INSTRUCTIONS FOR THE TASK
I'd like every record given again exactly, please.

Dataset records
┌──

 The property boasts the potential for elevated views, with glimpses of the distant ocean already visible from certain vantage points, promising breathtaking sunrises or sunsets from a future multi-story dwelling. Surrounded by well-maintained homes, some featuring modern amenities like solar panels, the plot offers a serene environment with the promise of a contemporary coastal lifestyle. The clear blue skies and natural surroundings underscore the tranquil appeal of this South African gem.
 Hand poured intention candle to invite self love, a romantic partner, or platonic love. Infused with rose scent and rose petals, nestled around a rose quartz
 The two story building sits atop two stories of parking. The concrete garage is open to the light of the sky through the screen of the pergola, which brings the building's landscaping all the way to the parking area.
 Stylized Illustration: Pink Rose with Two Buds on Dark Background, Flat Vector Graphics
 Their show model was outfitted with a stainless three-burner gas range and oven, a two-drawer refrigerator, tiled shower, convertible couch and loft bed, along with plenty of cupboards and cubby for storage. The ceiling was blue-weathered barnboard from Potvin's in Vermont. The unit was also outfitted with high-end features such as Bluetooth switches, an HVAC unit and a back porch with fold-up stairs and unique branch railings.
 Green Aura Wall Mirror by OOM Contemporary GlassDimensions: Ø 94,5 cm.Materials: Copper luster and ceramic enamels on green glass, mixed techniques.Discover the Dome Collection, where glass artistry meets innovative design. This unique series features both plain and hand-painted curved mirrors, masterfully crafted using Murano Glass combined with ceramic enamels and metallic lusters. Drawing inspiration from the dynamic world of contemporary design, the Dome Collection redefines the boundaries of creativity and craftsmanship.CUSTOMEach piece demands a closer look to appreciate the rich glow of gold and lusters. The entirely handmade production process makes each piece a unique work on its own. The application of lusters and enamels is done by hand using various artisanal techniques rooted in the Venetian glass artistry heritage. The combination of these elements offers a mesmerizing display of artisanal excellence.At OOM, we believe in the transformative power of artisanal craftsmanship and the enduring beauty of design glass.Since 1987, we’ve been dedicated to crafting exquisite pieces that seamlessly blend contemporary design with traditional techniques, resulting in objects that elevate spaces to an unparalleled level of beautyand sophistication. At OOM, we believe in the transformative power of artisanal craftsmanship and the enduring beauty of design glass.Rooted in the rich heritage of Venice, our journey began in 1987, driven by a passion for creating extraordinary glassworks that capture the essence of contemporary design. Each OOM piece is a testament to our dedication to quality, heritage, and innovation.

└──

ANSWER BOX
 The property boasts the potential for elevated views, with glimpses of the distant ocean already visible from certain vantage points, promising breathtaking sunrises or sunsets from a future multi-story dwelling. Surrounded by well-maintained homes, some featuring modern amenities like solar panels, the plot offers a serene environment with the promise of a contemporary coastal lifestyle. The clear blue skies and natural surroundings underscore the tranquil appeal of this South African gem.
 Hand poured intention candle to invite self love, a romantic partner, or platonic love. Infused with rose scent and rose petals, nestled around a rose quartz
 The two story building sits atop two stories of parking. The concrete garage is open to the light of the sky through the screen of the pergola, which brings the building's landscaping all the way to the parking area.
 Stylized Illustration: Pink Rose with Two Buds on Dark Background, Flat Vector Graphics
 Their show model was outfitted with a stainless three-burner gas range and oven, a two-drawer refrigerator, tiled shower, convertible couch and loft bed, along with plenty of cupboards and cubby for storage. The ceiling was blue-weathered barnboard from Potvin's in Vermont. The unit was also outfitted with high-end features such as Bluetooth switches, an HVAC unit and a back porch with fold-up stairs and unique branch railings.
 Green Aura Wall Mirror by OOM Contemporary GlassDimensions: Ø 94,5 cm.Materials: Copper luster and ceramic enamels on green glass, mixed techniques.Discover the Dome Collection, where glass artistry meets innovative design. This unique series features both plain and hand-painted curved mirrors, masterfully crafted using Murano Glass combined with ceramic enamels and metallic lusters. Drawing inspiration from the dynamic world of contemporary design, the Dome Collection redefines the boundaries of creativity and craftsmanship.CUSTOMEach piece demands a closer look to appreciate the rich glow of gold and lusters. The entirely handmade production process makes each piece a unique work on its own. The application of lusters and enamels is done by hand using various artisanal techniques rooted in the Venetian glass artistry heritage. The combination of these elements offers a mesmerizing display of artisanal excellence.At OOM, we believe in the transformative power of artisanal craftsmanship and the enduring beauty of design glass.Since 1987, we’ve been dedicated to crafting exquisite pieces that seamlessly blend contemporary design with traditional techniques, resulting in objects that elevate spaces to an unparalleled level of beautyand sophistication. At OOM, we believe in the transformative power of artisanal craftsmanship and the enduring beauty of design glass.Rooted in the rich heritage of Venice, our journey began in 1987, driven by a passion for creating extraordinary glassworks that capture the essence of contemporary design. Each OOM piece is a testament to our dedication to quality, heritage, and innovation.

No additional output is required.